*WHAT IS REQUIRED:*
Return, word for word, every line starting at the line with "Another burial chamber" and ending at the final line of the entries; skip the pictures.

Source data:
____________________
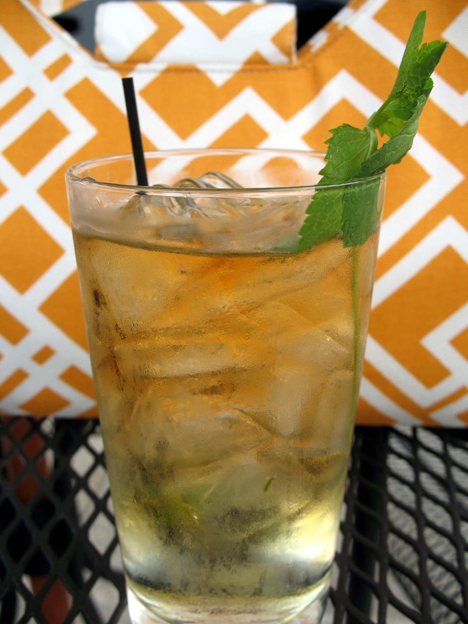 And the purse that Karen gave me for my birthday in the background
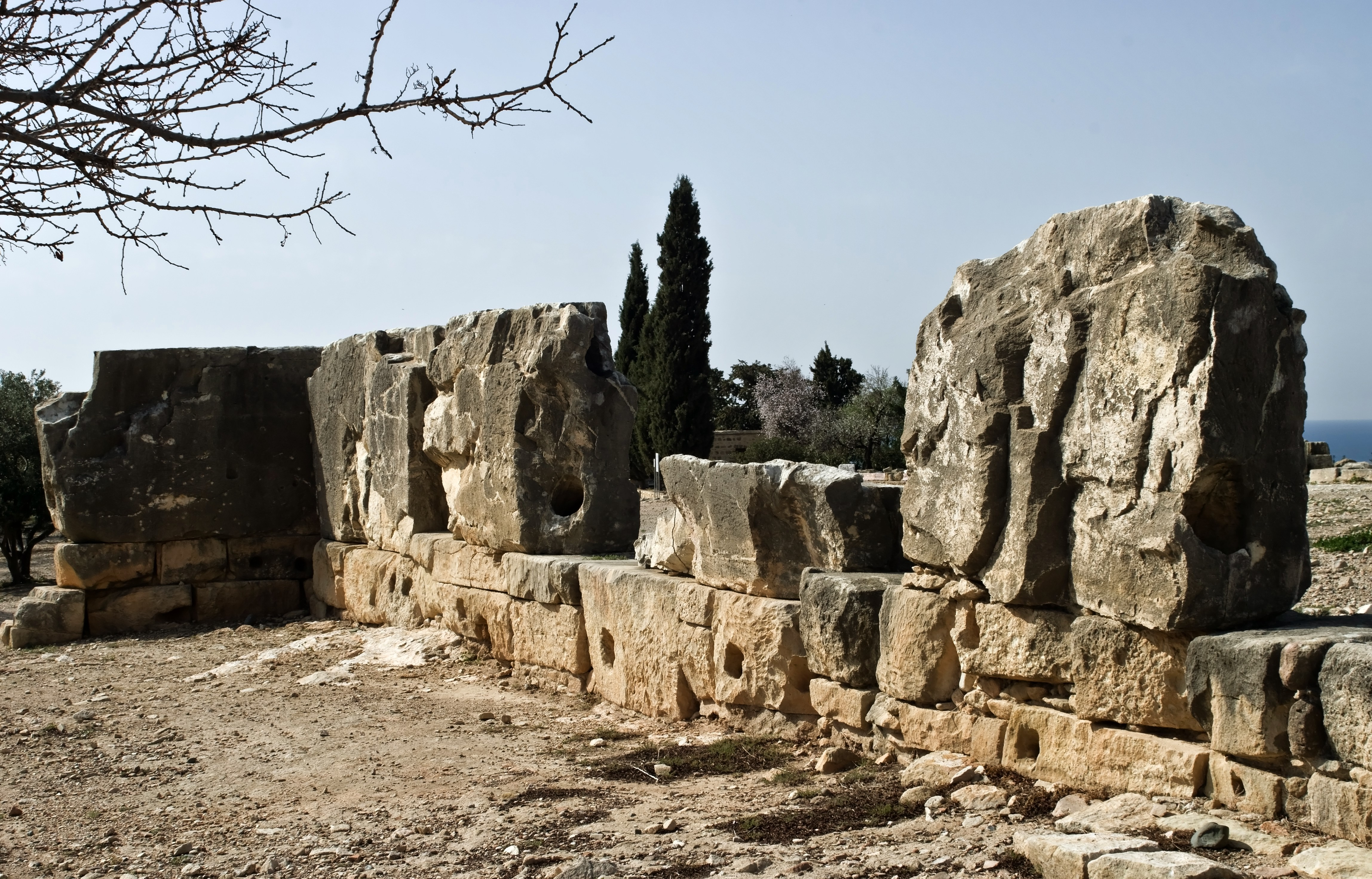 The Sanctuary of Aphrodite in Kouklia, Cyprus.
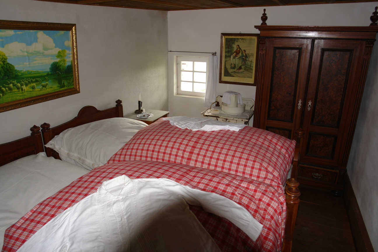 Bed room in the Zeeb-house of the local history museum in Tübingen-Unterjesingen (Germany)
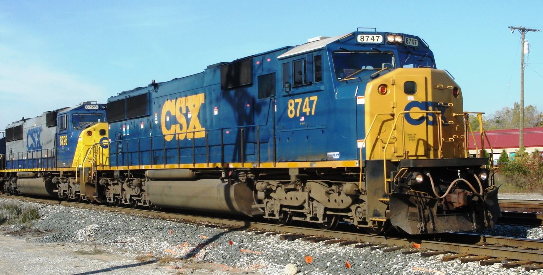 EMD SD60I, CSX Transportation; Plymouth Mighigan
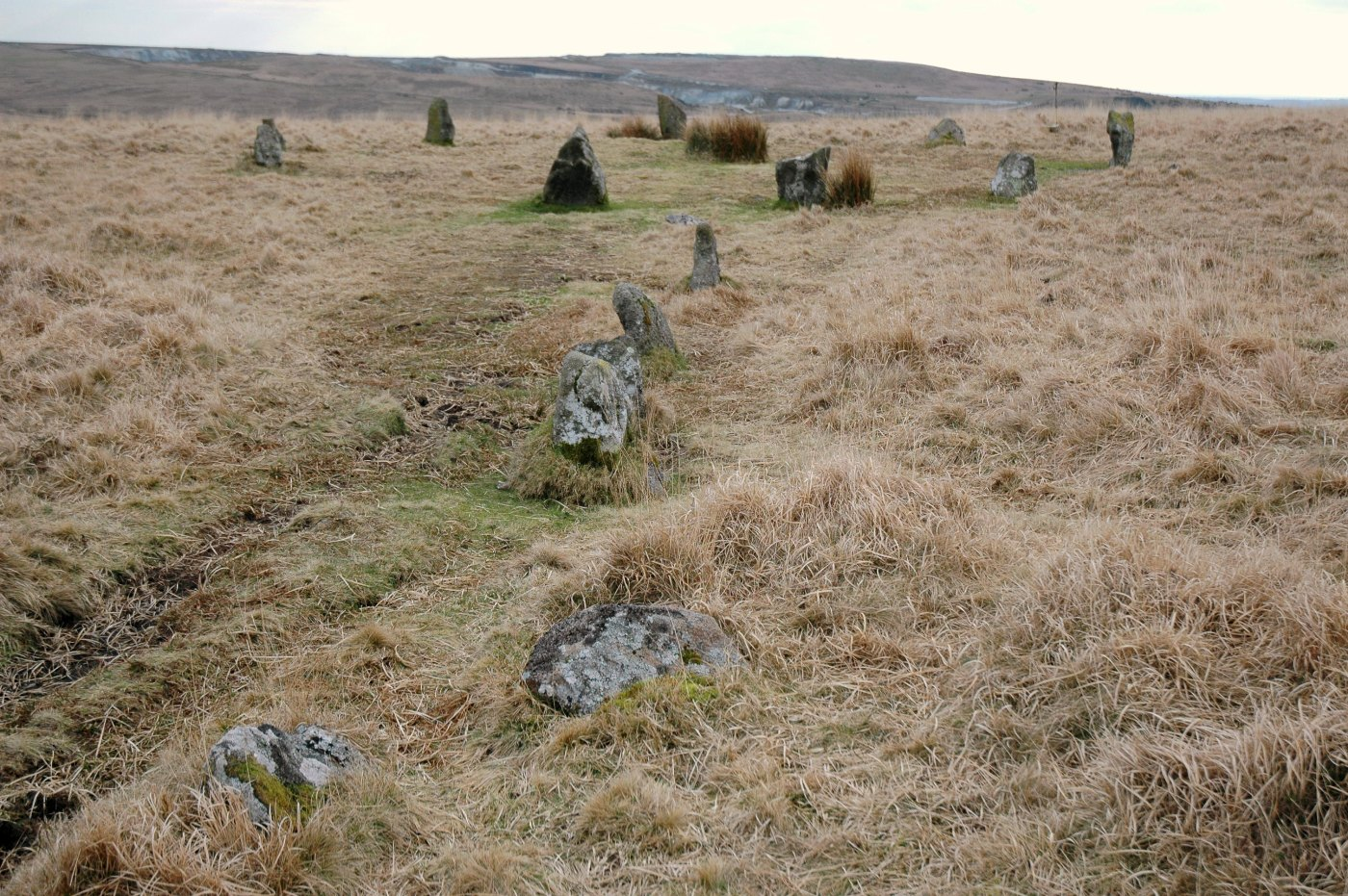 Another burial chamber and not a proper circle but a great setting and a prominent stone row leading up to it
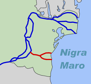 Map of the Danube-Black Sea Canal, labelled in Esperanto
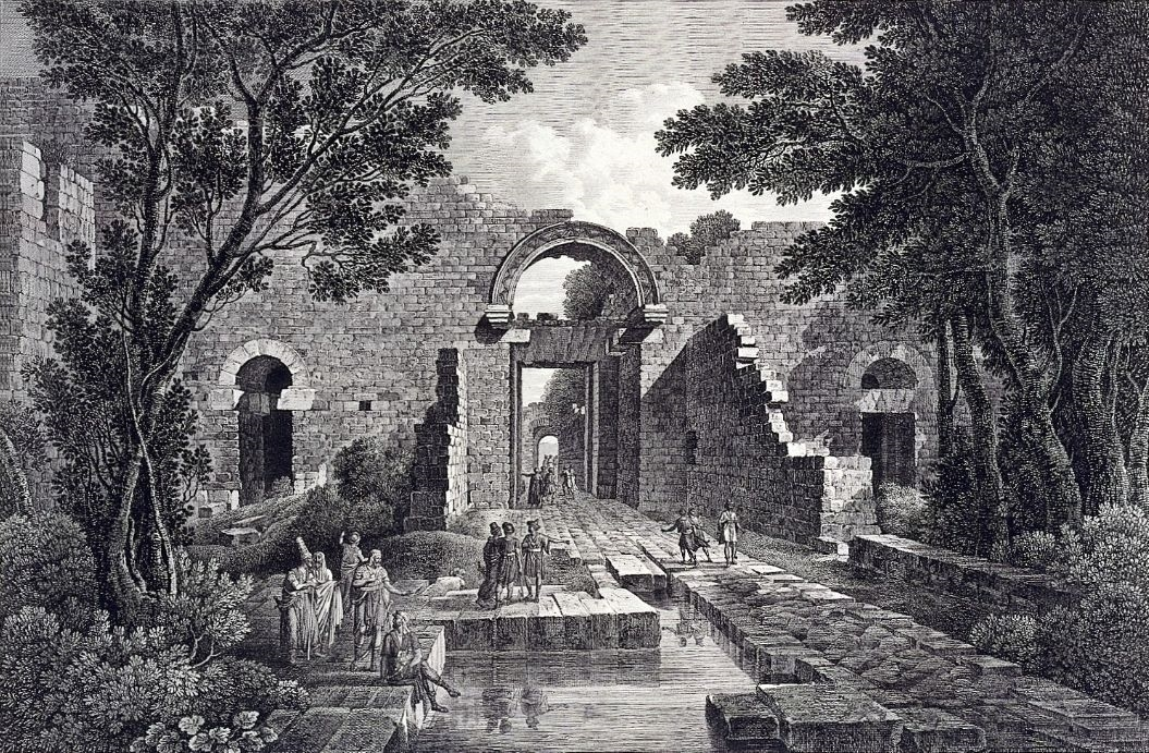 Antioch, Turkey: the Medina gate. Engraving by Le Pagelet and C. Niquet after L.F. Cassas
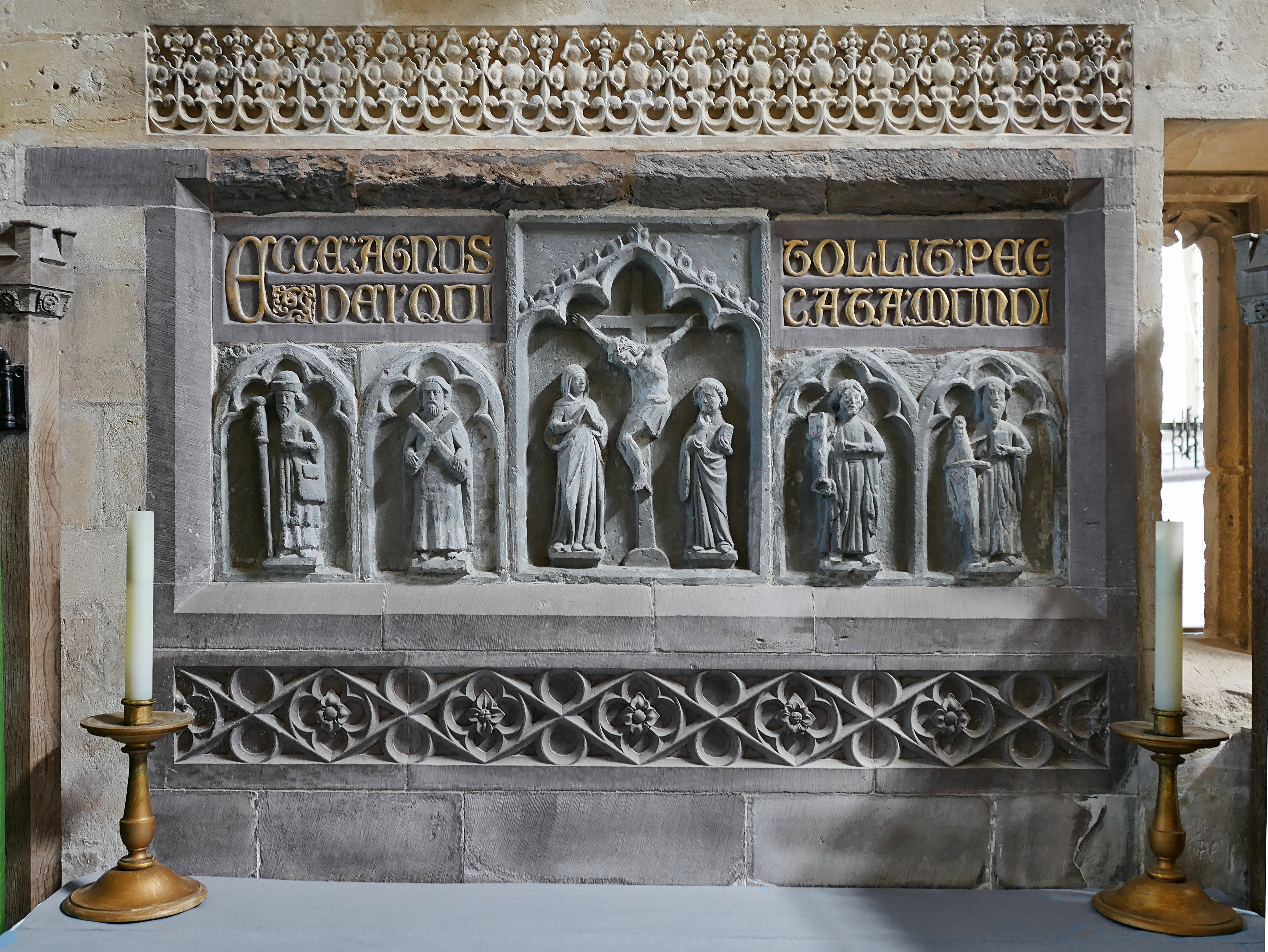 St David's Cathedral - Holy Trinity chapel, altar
____________________
*SOLUTION TO THIS EXERCISE:*
 Another burial chamber and not a proper circle but a great setting and a prominent stone row leading up to it
 Map of the Danube-Black Sea Canal, labelled in Esperanto
 Antioch, Turkey: the Medina gate. Engraving by Le Pagelet and C. Niquet after L.F. Cassas
 St David's Cathedral - Holy Trinity chapel, altar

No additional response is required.